Мы были одно целое. Вот так. Я немедленно объяснил это кюре. И он понял.

Хотим мы или не хотим, но там, где мы сейчас очутились, нельзя дать

мимоидущим застать нас врасплох и вытащить на свет, -- объяснил я аббату и

несколько раз это повторил. Если мы кого-нибудь встретим, надо с

безразличным видом притвориться, что мы прогуливаемся. Это приказ. Сохранять

полную непринужденность. Теперь кюре знал и понимал все. Он в свой черед

крепко пожал мне руку: он, естественно, тоже перетрусил. Но ведь это только

начало. Он колебался, что-то бормотал как дурачок. Там, где мы очутились,

нет больше ни дороги, ни света -- одни предосторожности на каждом шагу,

которые каждый повторяет, глядя на других, и в которые не очень верит. Слов,

произносимых в таких случаях, чтобы подбодрить себя, никто всерьез не

воспринимает. Им нет отзвука -- мы вышли за пределы общества. Страх не

говорит ни "да", ни "нет". Он просто вбирает в себя все слова и мысли.

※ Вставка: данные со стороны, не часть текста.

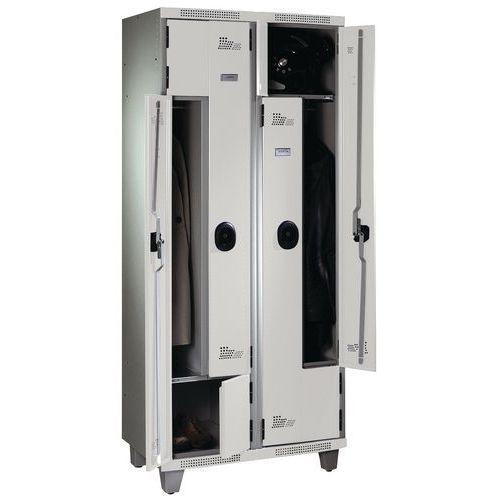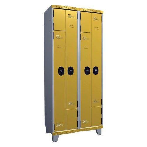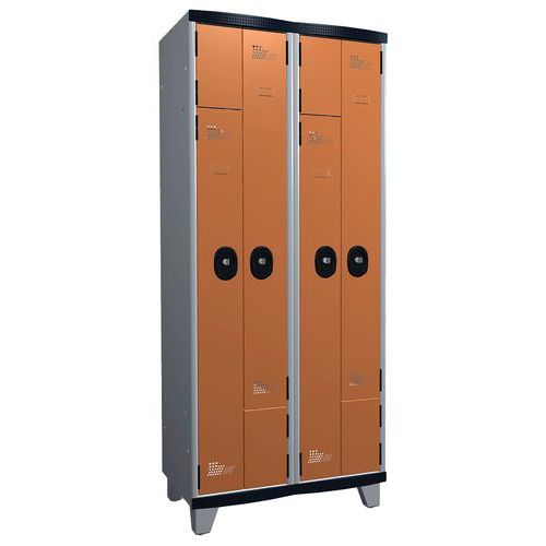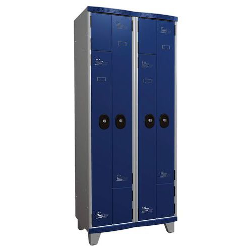 Vestiaire portes en L à clé sur pieds largeur 400 mm 2 colonnes Acial Vestiaire portes en L à clé sur pieds largeur 400 mm 2 colonnes Acial

В таких случаях нет смысла таращить глаза и всматриваться в ночь.

Ощущаешь только ужас от своей потерянности -- и больше ничего. Ночь

поглощает все, даже взгляды. Она опустошает тебя, и все-таки надо держаться

за руки, иначе упадешь. Дневные люди больше не понимают тебя. Ты отделен от

них страхом и остаешься раздавленным до той минуты, когда все так или иначе

кончается, и тогда становится возможно воссоединиться в смерти или в жизни

со всем этим сволочным миром.

А от аббата требуется только помочь нам в данную минуту и постараться

навести справки. Это его задание. К тому же он как раз и пришел сюда затем,

чтобы для начала пособить нам и быстренько устроить старуху Прокисс, а также

Робинзона к провинциальным монашкам. Только вот вакантного места придется

ждать долгие месяцы, а ждать дольше мы не в силах. Довольно.

Мадам Прокисс права: чем быстрее, тем лучше. Их надо убрать, от них

надо избавиться. Тогда Протист попробовал нащупать другой ход. Последний, с

чем я сразу согласился, выглядел весьма изобретательным. Прежде всего

потому, что он предусматривал вмешательство в дело нас обоих -- кюре и меня.

Устроить все предполагалось безотлагательно, чтобы убедить Робинзона уехать

на юг, убедить, разумеется, по-дружески, но настойчиво.

Не знай я сути и оборотной стороны комбинации, о которой

распространялся кюре, я, пожалуй, сделал бы кое-какие оговорки, к примеру

потребовал бы известных гарантий для своего друга. В конце-то концов, если

поразмыслить, Протист предлагал нам очень уж своеобразную комбинацию. Но нас

всех так поджимали обстоятельства, что существо дела сводилось к одному --

не тянуть с ним. Я обещал все, чего от меня хотели, -- свою поддержку и

полную секретность. Протист, казалось, был искушен в деликатных переговорах

такого сорта, и я чувствовал, что он многое мне облегчит.

С чего начать? Прежде всего без шума организовать поездку на юг. Как

посмотрит на это Робинзон? Тем более, что ехать ему придется со старухой,

которую он чуть не убил. Мое дело настоять. Вот и все. Нужно, чтобы он

согласился -- и по любым причинам, пусть не очень бесспорным, но веским.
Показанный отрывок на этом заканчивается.